(Problem) Only the lines from the one containing "- Adrenal medulla: production" through the end of the records should be retyped, exactly and including both ends; pictures stay out.

Saved entries
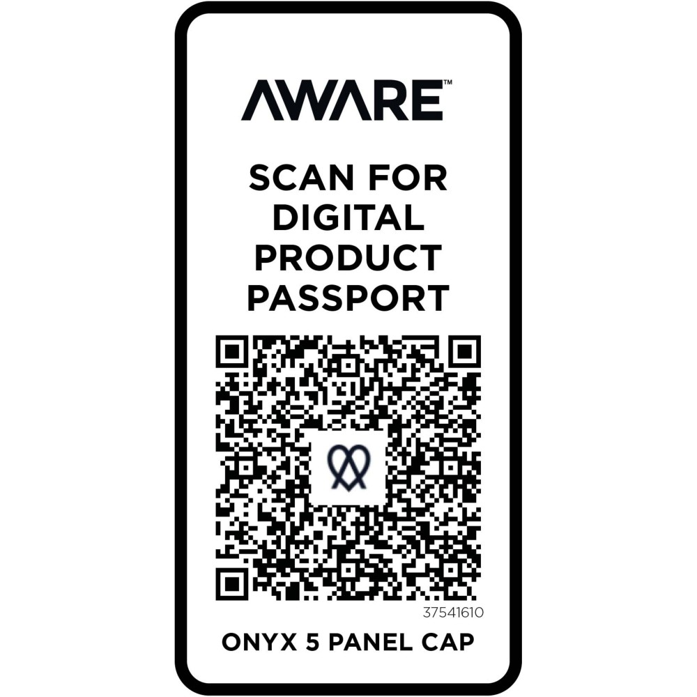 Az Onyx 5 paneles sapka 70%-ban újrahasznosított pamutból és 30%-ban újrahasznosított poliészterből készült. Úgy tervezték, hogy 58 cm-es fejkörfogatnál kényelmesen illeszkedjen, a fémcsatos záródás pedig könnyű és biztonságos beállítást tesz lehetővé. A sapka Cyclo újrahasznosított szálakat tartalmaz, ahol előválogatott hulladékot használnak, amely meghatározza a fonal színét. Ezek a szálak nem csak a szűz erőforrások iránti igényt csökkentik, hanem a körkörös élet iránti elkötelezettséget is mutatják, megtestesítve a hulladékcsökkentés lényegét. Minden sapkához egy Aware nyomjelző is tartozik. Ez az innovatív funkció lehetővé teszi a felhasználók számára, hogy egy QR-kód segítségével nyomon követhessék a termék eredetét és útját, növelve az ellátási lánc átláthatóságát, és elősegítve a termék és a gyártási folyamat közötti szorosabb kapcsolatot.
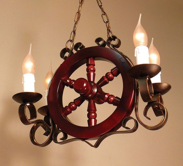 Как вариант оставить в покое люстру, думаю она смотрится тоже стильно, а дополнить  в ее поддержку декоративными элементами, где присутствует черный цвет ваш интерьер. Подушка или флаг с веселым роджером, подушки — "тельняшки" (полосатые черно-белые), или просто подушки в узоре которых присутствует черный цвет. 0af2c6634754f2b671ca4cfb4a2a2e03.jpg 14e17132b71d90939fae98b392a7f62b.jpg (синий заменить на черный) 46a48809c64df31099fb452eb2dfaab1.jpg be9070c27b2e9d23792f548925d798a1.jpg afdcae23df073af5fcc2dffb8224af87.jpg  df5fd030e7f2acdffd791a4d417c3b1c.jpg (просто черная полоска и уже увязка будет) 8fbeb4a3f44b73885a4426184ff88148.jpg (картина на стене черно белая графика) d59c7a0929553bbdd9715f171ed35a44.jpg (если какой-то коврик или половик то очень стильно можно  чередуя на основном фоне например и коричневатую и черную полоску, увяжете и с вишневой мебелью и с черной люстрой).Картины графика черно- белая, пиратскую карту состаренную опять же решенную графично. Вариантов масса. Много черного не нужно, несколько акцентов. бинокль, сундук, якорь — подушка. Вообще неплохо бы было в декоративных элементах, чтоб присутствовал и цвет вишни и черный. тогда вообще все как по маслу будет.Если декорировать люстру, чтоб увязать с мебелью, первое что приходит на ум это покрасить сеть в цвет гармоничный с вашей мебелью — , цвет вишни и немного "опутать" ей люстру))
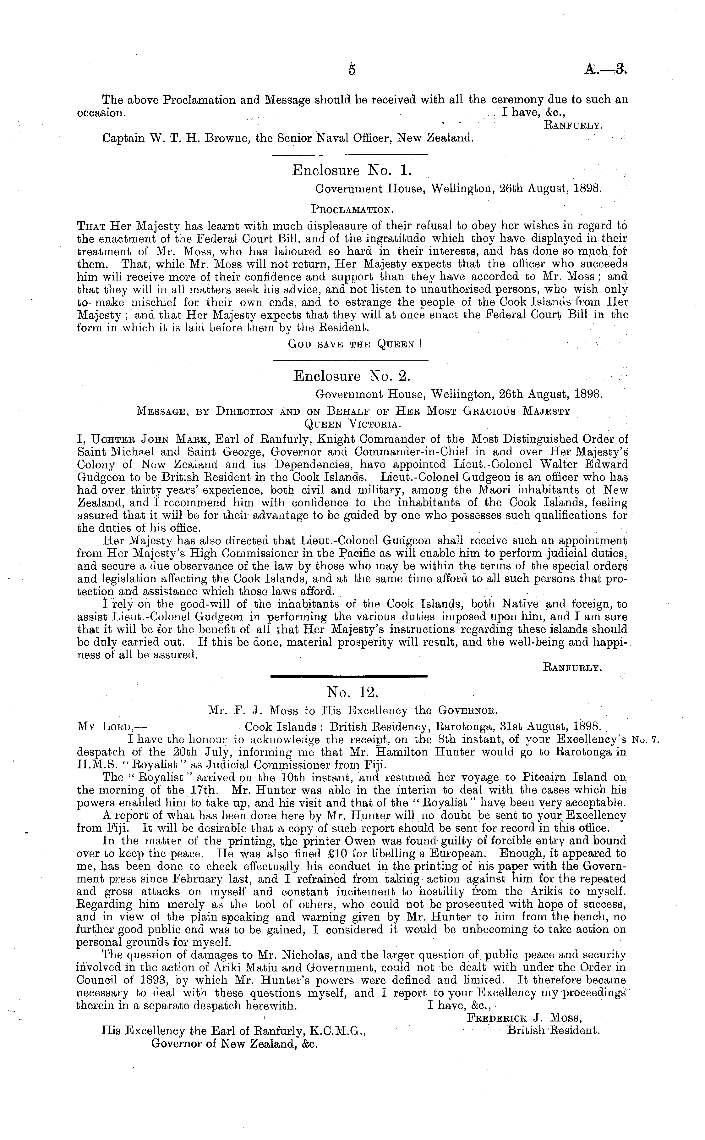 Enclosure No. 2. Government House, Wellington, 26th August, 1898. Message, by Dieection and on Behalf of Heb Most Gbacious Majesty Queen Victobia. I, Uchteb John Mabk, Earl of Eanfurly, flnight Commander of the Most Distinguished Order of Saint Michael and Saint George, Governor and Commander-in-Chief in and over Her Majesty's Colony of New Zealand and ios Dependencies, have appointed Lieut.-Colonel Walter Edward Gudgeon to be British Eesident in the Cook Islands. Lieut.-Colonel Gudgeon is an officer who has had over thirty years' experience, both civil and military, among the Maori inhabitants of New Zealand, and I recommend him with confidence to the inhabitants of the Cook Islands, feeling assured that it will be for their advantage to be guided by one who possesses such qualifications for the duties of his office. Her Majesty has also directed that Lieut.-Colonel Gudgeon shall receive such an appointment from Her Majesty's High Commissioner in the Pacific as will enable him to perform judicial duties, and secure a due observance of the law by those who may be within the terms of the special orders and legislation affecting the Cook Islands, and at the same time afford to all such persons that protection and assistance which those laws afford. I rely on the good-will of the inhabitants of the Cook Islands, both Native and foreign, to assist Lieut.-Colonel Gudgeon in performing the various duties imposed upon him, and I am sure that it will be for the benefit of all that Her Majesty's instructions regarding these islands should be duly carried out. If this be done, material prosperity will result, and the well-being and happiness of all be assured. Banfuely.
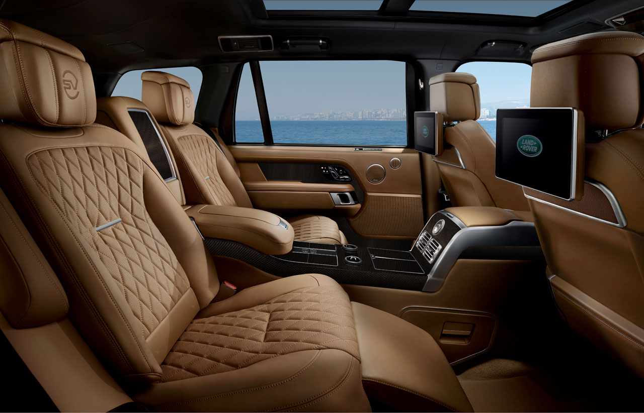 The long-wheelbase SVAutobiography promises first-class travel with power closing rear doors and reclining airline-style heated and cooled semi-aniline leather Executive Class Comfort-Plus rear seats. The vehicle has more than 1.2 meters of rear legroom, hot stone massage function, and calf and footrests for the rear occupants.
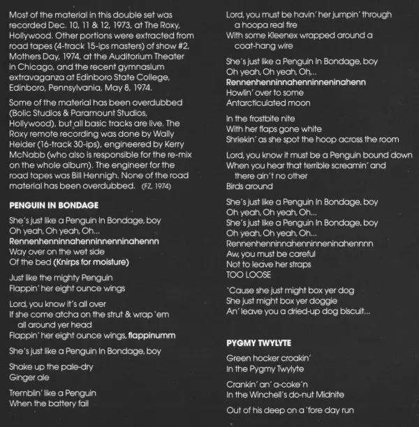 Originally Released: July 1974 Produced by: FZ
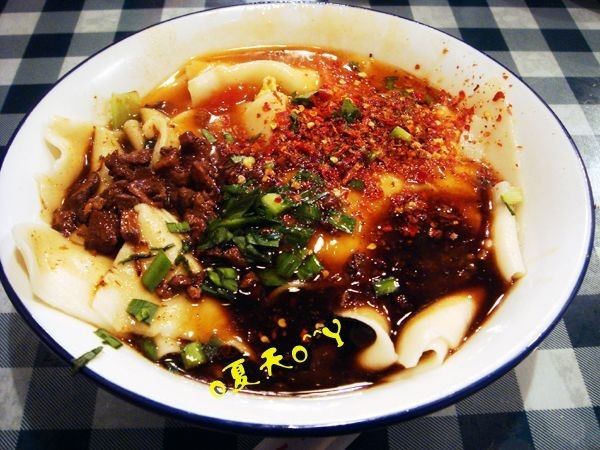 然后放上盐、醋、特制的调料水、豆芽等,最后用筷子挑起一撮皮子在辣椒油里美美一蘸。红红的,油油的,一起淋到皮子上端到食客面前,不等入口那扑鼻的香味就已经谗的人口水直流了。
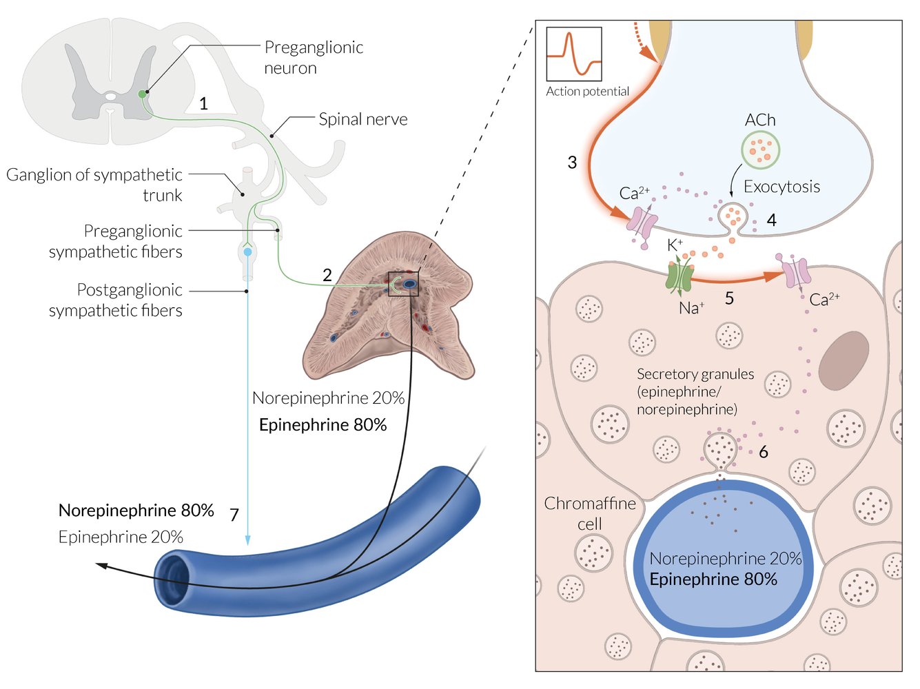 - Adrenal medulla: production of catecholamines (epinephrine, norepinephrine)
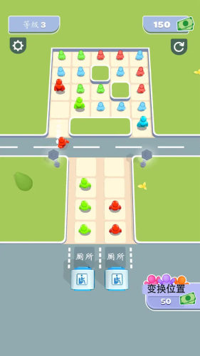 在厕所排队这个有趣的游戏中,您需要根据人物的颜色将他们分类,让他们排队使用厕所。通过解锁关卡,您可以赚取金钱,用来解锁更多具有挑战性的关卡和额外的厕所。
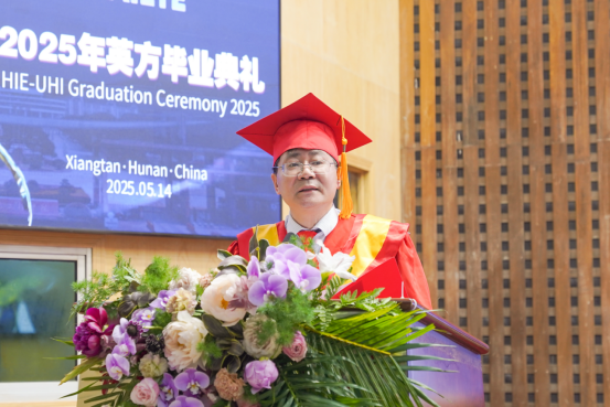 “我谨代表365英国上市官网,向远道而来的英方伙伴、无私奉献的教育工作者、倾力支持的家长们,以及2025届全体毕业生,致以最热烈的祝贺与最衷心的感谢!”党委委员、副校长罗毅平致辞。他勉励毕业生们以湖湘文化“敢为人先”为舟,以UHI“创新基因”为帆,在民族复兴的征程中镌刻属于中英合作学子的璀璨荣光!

(Answer)
 - Adrenal medulla: production of catecholamines (epinephrine, norepinephrine)
 在厕所排队这个有趣的游戏中,您需要根据人物的颜色将他们分类,让他们排队使用厕所。通过解锁关卡,您可以赚取金钱,用来解锁更多具有挑战性的关卡和额外的厕所。
 “我谨代表365英国上市官网,向远道而来的英方伙伴、无私奉献的教育工作者、倾力支持的家长们,以及2025届全体毕业生,致以最热烈的祝贺与最衷心的感谢!”党委委员、副校长罗毅平致辞。他勉励毕业生们以湖湘文化“敢为人先”为舟,以UHI“创新基因”为帆,在民族复兴的征程中镌刻属于中英合作学子的璀璨荣光!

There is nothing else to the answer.